What is being asked: From the very first line of the records through the line that contains "pool: tankONLINEmirror-0两块盘都 ONLINEscan: resilvered", repeat everything exactly except the pictures, and add nothing.

Provided data:
━━━━

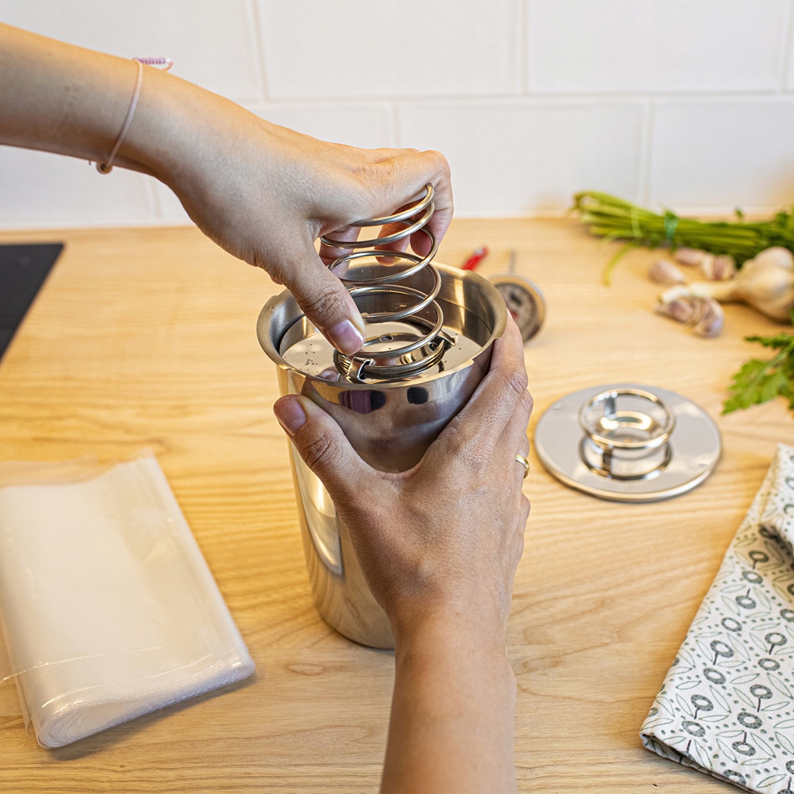 Производитель представляет идеальный для приготовления мяса набор – ветчинницу с термометром и пакетами. Предназначен для приготовления вкусного домашнего мяса на пару. Он прост в использовании и позволяет приготовить до 1,5 кг мясных продуктов.
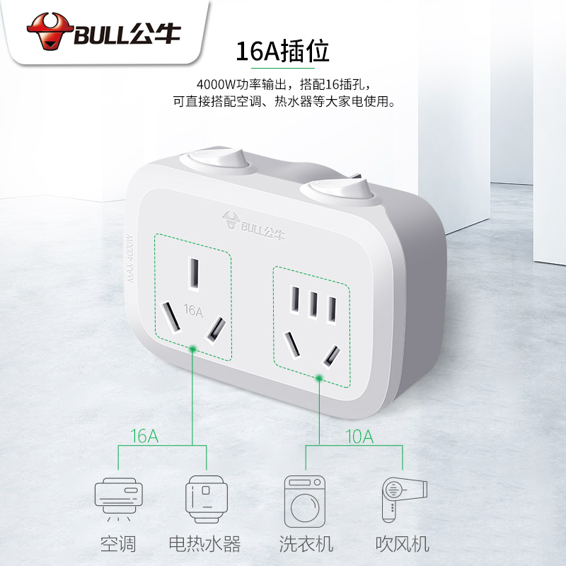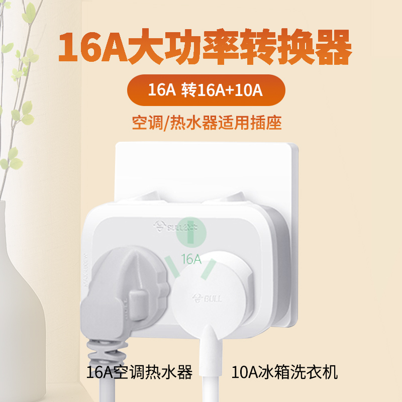 📚 公牛空调插座可用16a转10a加16安扩展大功率插排插线板插头转换器
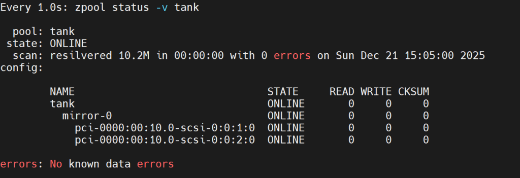 pool: tankONLINEmirror-0两块盘都 ONLINEscan: resilvered 10.2M ... with 0 errors:重建完成且无错误errors: No known data errors
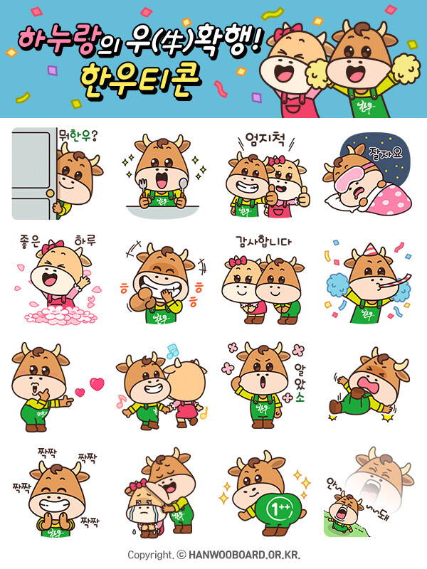 한우 캐릭터 이모티콘은 한우자조금의 공식 캐릭터 '하누랑' 캐릭터를 활용해 제작한 이모티콘으로, 지난 2019년부터 출시 때마다 빠른 시간 내에 전량이 소진될 정도로 뜨거운 인기를 얻어온 바 있다. 이 같은 인기에 힘입어 기존 배포한 이모티콘 중 소비자들에게 반응이 좋았던 모션과 신규 이모티콘을 추가해 총 16종으로 새롭게 제작했다.
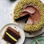 - Assemble the Cake: Place one cake layer on a serving plate. Spread the pistachio white chocolate cream evenly over the top. Place the second cake layer on top.
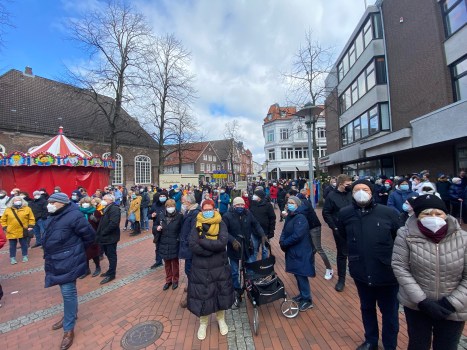 Ich bin froh, dass ich heute bei der Demo mit dabei war. Es ist wichtig, dass wir den Menschen in der Ukraine zeigen, dass wir an sie denken und uns mit ihnen solidarisieren. Dass wir auch unserer Regierung zeigen, was wir von ihrem außenpolitischen Kurs halten – ich persönlich bin mit diesem zurzeit ganz überwiegend einverstanden. Doch auch uns als Zivilgesellschaft tut es gut, uns in einer größeren Gruppe zu treffen, uns unseres Zusammenhalts zu vergewissern, in andere besorgte Gesichter zu blicken, gemeinsam zu demonstrieren und aus den Augenwinkeln zu registrieren, dass auch andere bei so manchen Redebeiträgen mit den Tränen kämpfen. Dass heute so viele Menschen allen Alters in Elmshorn dabei waren, macht mir Mut – vor allem weil es in den vergangenen Monaten eher die selbsternannten Querdenker waren, die mit ihren ‚Spaziergängen‘ Gruppenstärke demonstrieren wollten. Es freut mich, dass der Alte Markt heute von so viel mehr Menschen bevölkert wurde, die nicht etwa gegen eine vermeintliche ‚Impf-Diktatur‘ protestieren, sondern sich mit den Opfern einer lupenreinen echten Diktatur solidarisieren wollten. Das ist mein Elmshorn! Ich hoffe, dass bei der nächsten Veranstaltung dieser Art mindestens ebenso viele Menschen zusammenkommen.
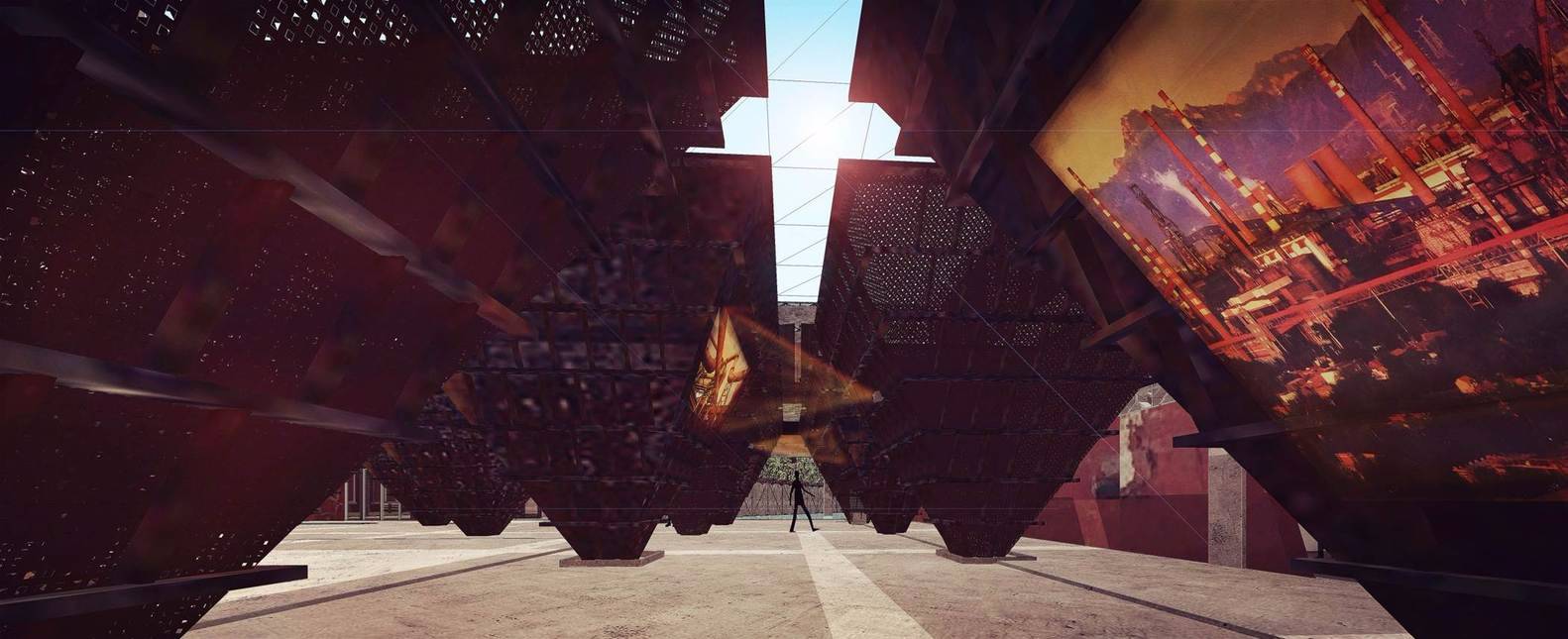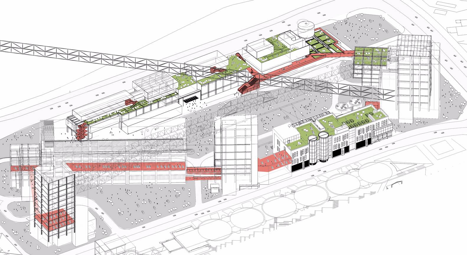 作為一、三號(hào)高爐的主要供料區(qū),區(qū)域內(nèi)原有料倉(cāng)、轉(zhuǎn)運(yùn)站和皮帶通廊等工業(yè)遺存都是完全依據(jù)生產(chǎn)的工藝流程而布局的,缺少城市空間的秩序感,巨型工業(yè)尺度也讓人缺乏親近和安全感。
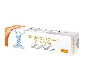 ФЛЕКСОТРОН® Ультра — протез синовиальной жидкости, стерильный, прозрачный вязкоэластичный гель, содержащий гиалуронат натрия, получаемый методом бактериальной ферментации, в фосфатном буфере.Имплантат не содержит лекарственного средства для медицинского применения, материалов животного и (или) человеческого происхождения.НазначениеВязкоэластичное протезирование синовиальной жидкости у пациентов с дегенеративно-дистрофическими и посттравматическими поражениями суставов, а также у лиц, имеющих повышенные нагрузки на поврежденные суставы.Категория пользователейИсключительно практикующие врачи-специалистами.Ведение продукта должно выполняться в асептических условиях процедурных и манипуляционных кабинетов медицинскими работниками, владеющими техникой интраартикулярных инъекций.Объем одного имплантата приближен к безопасному объему для коленного сустава взрослого человека. Нет каких-либо ограничений по антропометрическим и анатомическим особенностям целевого пациента.Свойства и принцип действияГиалуроновая кислота представляет собой поли-(2-ацетамидо-2-дезокси-D-глюко)-D-глюкуроногликан, то есть полимер, состоящий из остатков D-глюкуроновой кислоты и N-ацетил-D-глюкозамина, соединённых поочерёдно ?-1,4- и ?-1,3-гликозидными связями. Благодаря такой полимерной трехмерной структуре формируются крупные отрицательно заряженные агрегаты, удерживающие воду. Эти агрегаты отвечают за влагосодержание, упругость и эластичность хрящевой ткани (устойчивость её к компрессии).Внутрисуставное обогащение синовиальной жидкости инъекциями гиалуроната натрия способствует улучшению или восстановлению вязкоупругих свойств естественной синовиальной жидкости. Гиалуронат натрия отвечает за вязкоупругие свойства синовиальной жидкости, таким образом вязкоэластичное протезирование позволяет компенсировать недостаточность гиалуроновой кислоты в синовиальной жидкости или снижение её вязкости, смягчить внешние нагрузки на сустав, обеспечивает смазывание, восстановление упругости и вязкости, амортизацию, увлажнение и обволакивание суставных поверхностей, покрывая смазывающим защитным слоем хрящ и рецепторы синовии. Это помогает увеличить объём движений и обеспечивает механическую защиту тканей полости сустава, что в свою очередь может улучшать течение остеоратроза / остеоартрита и других дегенеративно-дистрофических и посттравматических патологий суставов.На основании клинических сведений об особенностях биодеградации и продолжительности лечебных эффектов внутрисуставного введения гиалуроновой кислоты предполагается, что биодеградация вязкоэластичного имплантата "ФЛЕКСОТРОН®" происходит в срок от 12 до 24 недель. Клинический эффект лечения сохраняется в течение не менее 6 месяцев.
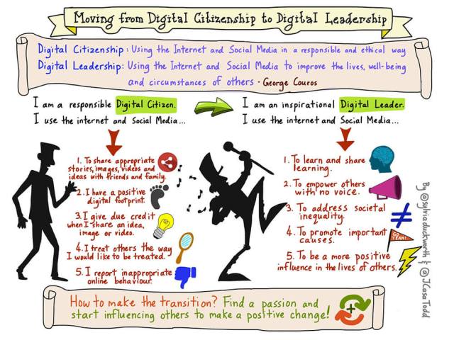 Changing the use of the internet and social media has been rapid. George Couros very neatly differentiates the shift: while digital citizenship is about using the internet and social media in a responsible and ethical way, digital leadership asks us to use the internet and social media to improve the lives, well-being, and circumstances of others.
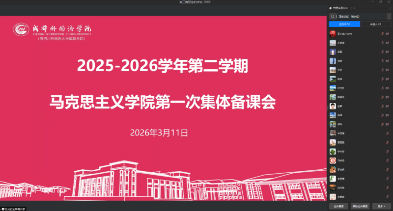 为深化教学改革,提升教学质量,我院于3月11日下午开展思政课线上集体备课会。活动由张庆虹副院长主持,成都、宜宾两校区思政教师参加。
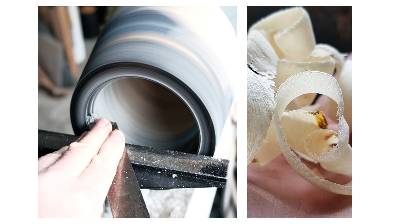 The IRC Researcher of the Year Awards pieces were taken through a series of processes before reaching the finished work. With my chain saw I cut the wood from a tree trunk to a size that the lathe can spin easily, making ready for the initial rough cut. The decisions that determine the finished piece are mostly all made at this stage in terms of colour, form and overall design. My decisions are informed by the qualities of the piece of wood itself as the first cut reveals the grain and any faults or knots that need to be considered.
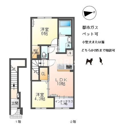都市ガス インターネット無料 ペット飼育可能(小型犬または猫)どちらか2匹まで相談可

━━━━

Reply to the task:
 Производитель представляет идеальный для приготовления мяса набор – ветчинницу с термометром и пакетами. Предназначен для приготовления вкусного домашнего мяса на пару. Он прост в использовании и позволяет приготовить до 1,5 кг мясных продуктов.
 📚 公牛空调插座可用16a转10a加16安扩展大功率插排插线板插头转换器
 pool: tankONLINEmirror-0两块盘都 ONLINEscan: resilvered 10.2M ... with 0 errors:重建完成且无错误errors: No known data errors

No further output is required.